Volume Management for ML Workloads

Volume selection criteria:

  • Performance: tmpfs > bind mount > named volume > network
  • Persistence: named volume, bind mount for stateful data
  • Sharing: NFS for multi-node access

Container Security Boundaries

# Run as non-root user
docker run --user 1000:1000 app

# Read-only root filesystem
docker run --read-only \
  --tmpfs /tmp \
  --tmpfs /var/run \
  app

# Drop capabilities
docker run --cap-drop ALL \
  --cap-add NET_BIND_SERVICE \
  app

# Security options
docker run --security-opt no-new-privileges \
  --security-opt apparmor=docker-default \
  app

Security layers:

  • User namespaces map container users to host UIDs
  • Capability dropping reduces attack surface
  • Read-only filesystems prevent persistence
  • AppArmor/SELinux provide mandatory access control

Production Patterns: Health Checks

# Dockerfile with health check
FROM python:3.11-slim

# Health check configuration
HEALTHCHECK --interval=30s \
  --timeout=3s \
  --start-period=60s \
  --retries=3 \
  CMD python -c "import requests; requests.get('http://localhost:8080/health')"

# Application setup
WORKDIR /app
COPY . .
RUN pip install -r requirements.txt

EXPOSE 8080
CMD ["python", "app.py"]

Health check types:

  • Liveness: Is the container running?
  • Readiness: Can the container accept traffic?
  • Startup: Has initialization completed?

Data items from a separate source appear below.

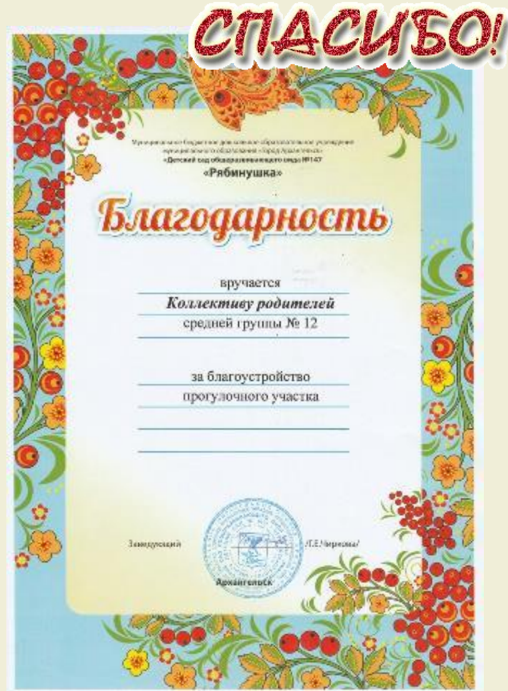
Ведение стенда «От чистого сердца примите слова благодарности...»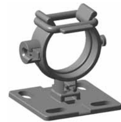
For ekstra sikkerhed kan R1 elastik benyttes.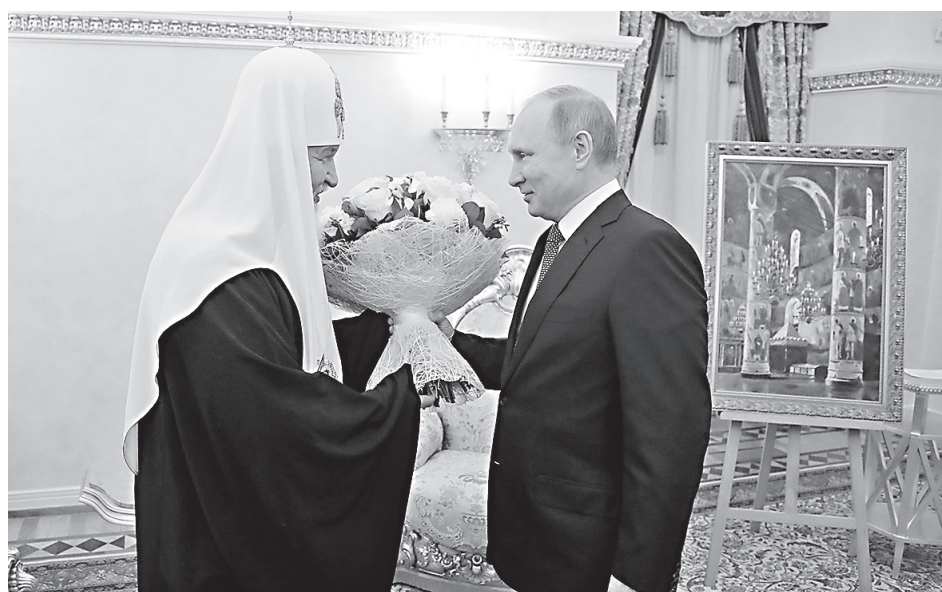
Владимир Владимирович Путин поздравляет Святейшего Патриарха Кирилла с 70-летием

События, подобного нынешнему, не было в России 228 лет — последний раз глава государства присутствовал на Соборе русской Церкви в 1689 году. Но тогда ни один из двух царей-соправителей, Петр и Иван, на Соборе не выступали по причине малолетства. Сама традиция церковных соборов целиком связана с государственной властью. Все великие Вселенские соборы созывались византийскими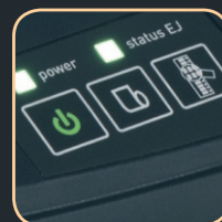
klawisz podglądu paragonu

Docker daemon actions on failure:

  • Restart container (restart policy dependent)
  • Remove from load balancer
  • Alert monitoring system

Debugging Containers

# Inspect running processes
docker exec container_id ps aux

# Attach to running container
docker exec -it container_id /bin/bash

# View container logs
docker logs --follow --tail 100 container_id

# Inspect container metadata
docker inspect container_id | jq '.State'

# Copy files from container
docker cp container_id:/app/logs/error.log ./

# Monitor resource usage
docker stats container_id

Advanced debugging:

# Network debugging
docker exec container_id netstat -tulpn
docker exec container_id tcpdump -i eth0

# Process tracing
docker exec container_id strace -p 1

# File system analysis
docker exec container_id df -h
docker exec container_id lsof

Container Registries and Distribution

Registry selection factors:

  • Proximity: Reduce latency with regional registries
  • Bandwidth: Private registries in same VPC
  • Caching: Layer deduplication across images
  • Security: Vulnerability scanning, access control

Demo: Building an ML Inference Container - Complete Walkthrough

Step 1: Project Structure

# Create project directory
mkdir ml-inference && cd ml-inference

# Create directory structure
mkdir -p src model data

# Project layout:
ml-inference/
├── Dockerfile
├── requirements.txt
├── model/
   └── model.pkl         # Pretrained model
├── src/
   ├── app.py            # FastAPI application
   ├── inference.py      # Model inference logic
   └── preprocess.py     # Data preprocessing
└── data/
    └── sample.json       # Test data

Step 2: Application Code

# src/app.py - FastAPI inference server
from fastapi import FastAPI, HTTPException
from pydantic import BaseModel
import pickle
import numpy as np
from typing import List
import time
import logging

app = FastAPI(title="ML Inference API")
logger = logging.getLogger(__name__)

# Load model at startup
with open('/app/model/model.pkl', 'rb') as f:
    model = pickle.load(f)
    logger.info(f"Model loaded: {type(model)}")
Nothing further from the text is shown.